START Given data

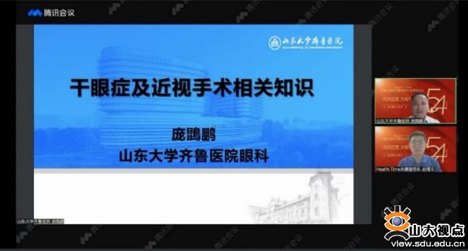 [本站讯]校园封闭化管理期间网课任务较多,干眼症成为困扰师生的常见问题。为帮助师生们减少眼部不适、普及科学的护眼方法,5月4日晚,山东大学齐鲁医院驻洪家楼校区医疗服务队邀请山东大学齐鲁医院眼科副主任医师庞鵾鹏教授以“学业繁重如何保护眼睛——干眼症及近视手术相关知识”为主题,为大家作了第七期“Health Time”专家科普讲座。洪家楼校区及其他校区各学院的师生参加线上讲座。
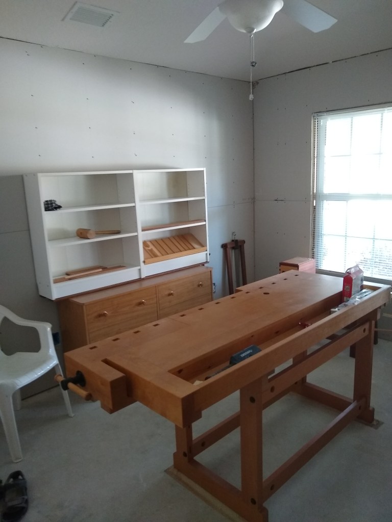 With the move complete, the plan was to get back to hanging drywall. However, I was now without a drywall lift. I had been using a lift I borrowed from Chris, but he needed it, so I had to buy my own. This delayed my return to work by a few days as I awaited its arrival. Once it showed up, I started work in the foyer, beginning with the ceiling, but another problem arose that forced me to work elsewhere. I was in the process of planing down furring strips to even the ceiling joists when my thickness planer belt broke. I had to order another, which will take weeks, so I decided to move onto to the dining room.
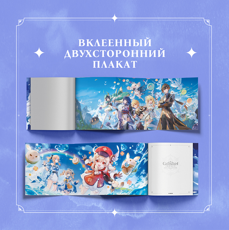 Отправляйтесь в путешествие по необычному миру Тейват, откройте для себя красоты Мондштадта и Ли Юэ в первом официальном артбуке игры Genshin Impact.
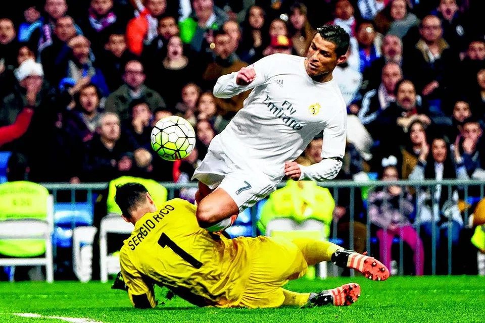 செவிய்யா கோல்காப்பாளரைக் கடந்து செல்ல முயற்சி செய்யும் ரியாலின் கிறிஸ்டியானோ ரொனால்டோ. படம்: ஏஎஃப்பி
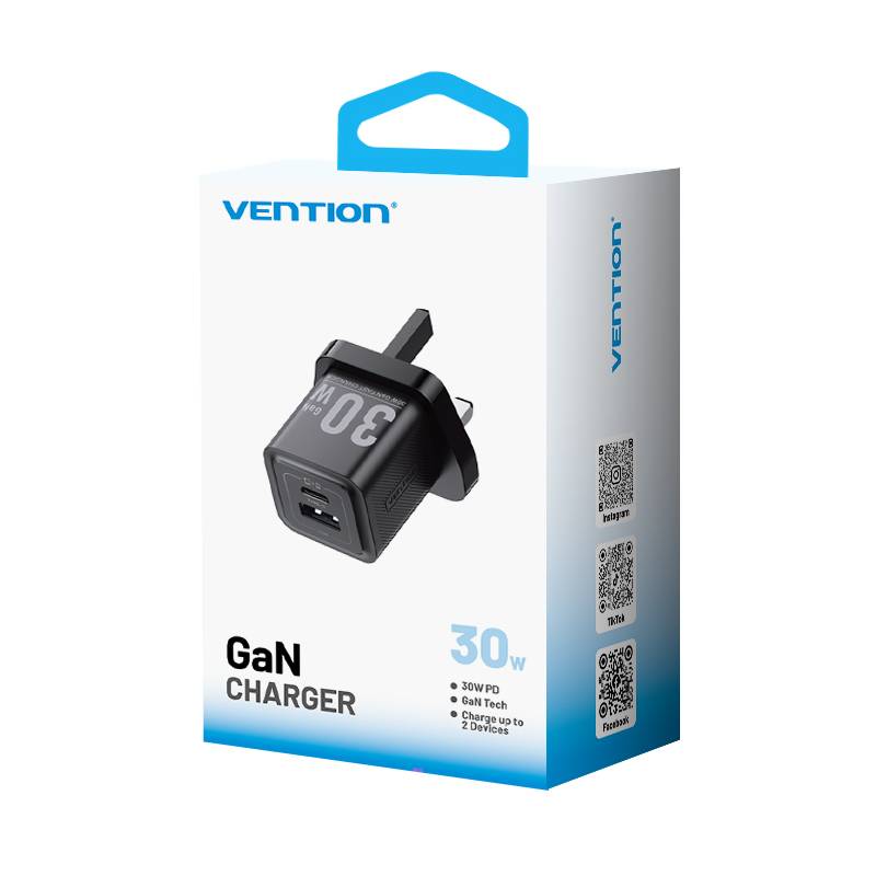 Vention MA Charger Wall GaN 30w 1xA 1xC UK Black FEQB0-UK
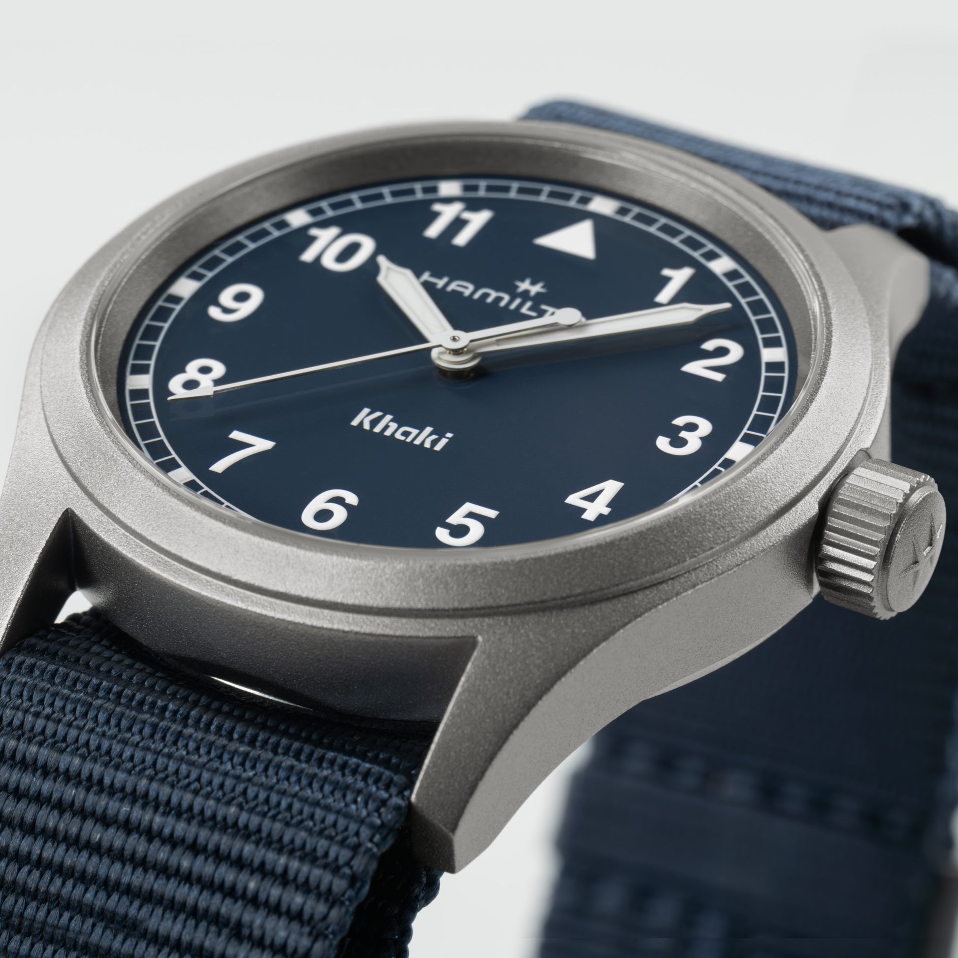 The Khaki Field Quartz from the HAMILTON Brand is military inspired wrist watch with utility-focused design and classic simple style. Model #H69401940 has a compact 38mm matte stainless steel case that is battery operated. The vintage matte blue dial features straight easily legible luminous Arabic numerals surrounded by a minutes railroad track. Syringe style hands with Super-LumiNova® indexes are viewable behind a scratch resistant sapphire crystal. Fitted with a robust easy-grip stainless steel crown with 50 meter water resistance rating. Finished with a blue NATO style strap with blue leather accents and stainless steel tang pin buckle.
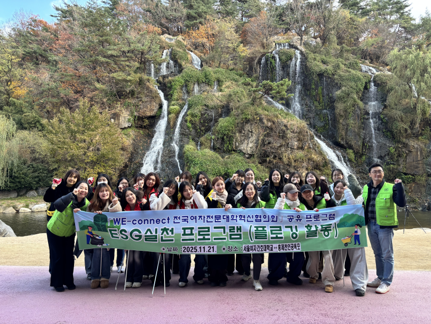 지난 2025년 11월 21일, 「WE-connect 전국여자전문대학혁신협의회」가 진행한 ‘2025학년도 7개 여대 연합 그린캠퍼스 플로깅’ 행사가 성황리에 마무리됐다. 이번 행사에는 서울여자간호대학교(총장 김숙영), 수원여자대학교(총장 이난경), 숭의여자대학교(총장 박경호), 한양여자대학교(총장 나세리)가 참여했으며, 서울여자간호대학교에서 출발해 홍제천인공폭포까지 이어지는 구간에서 플로깅 활동이 실시되었다.
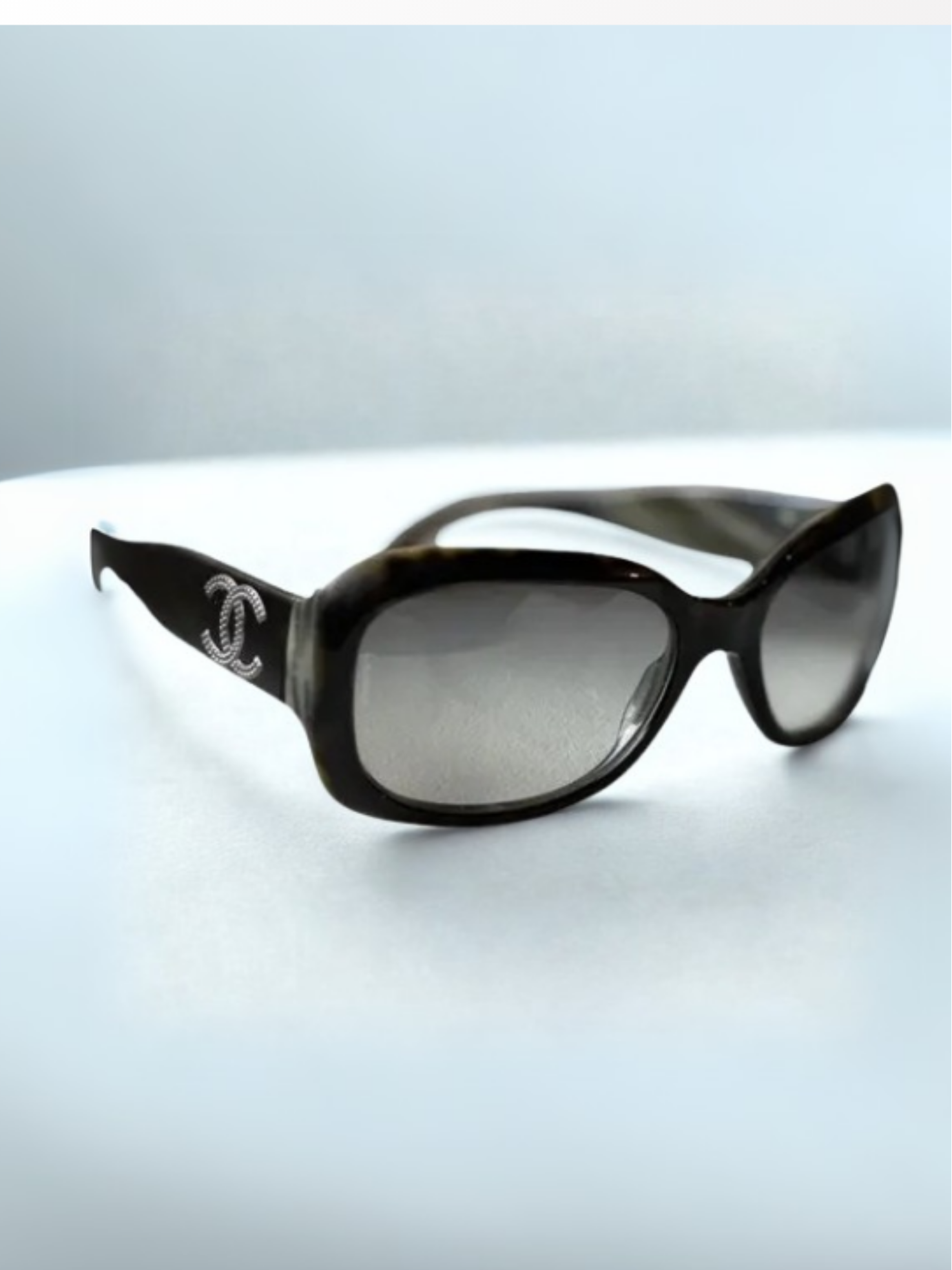 Vintage Chanel Sunglasses – Model 5102 C.653/11 – Black/Grey/Beige Pattern with Silver CC Logos
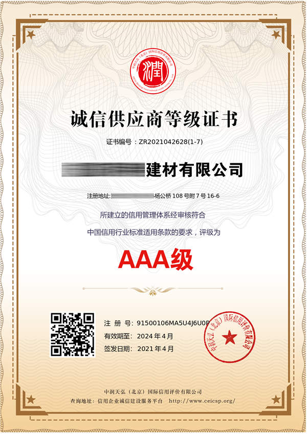 AAA企業信用評級、體系認證、榮譽證書提供 電話:400 880 5176 |

END Given data

- Task objective: No pictures should appear in the copy. Reproduce exactly the lines from the line containing "Vintage Chanel Sunglasses" through the last line of the data, inclusive.

- Result of this task:
 Vintage Chanel Sunglasses – Model 5102 C.653/11 – Black/Grey/Beige Pattern with Silver CC Logos
 AAA企業信用評級、體系認證、榮譽證書提供 電話:400 880 5176 |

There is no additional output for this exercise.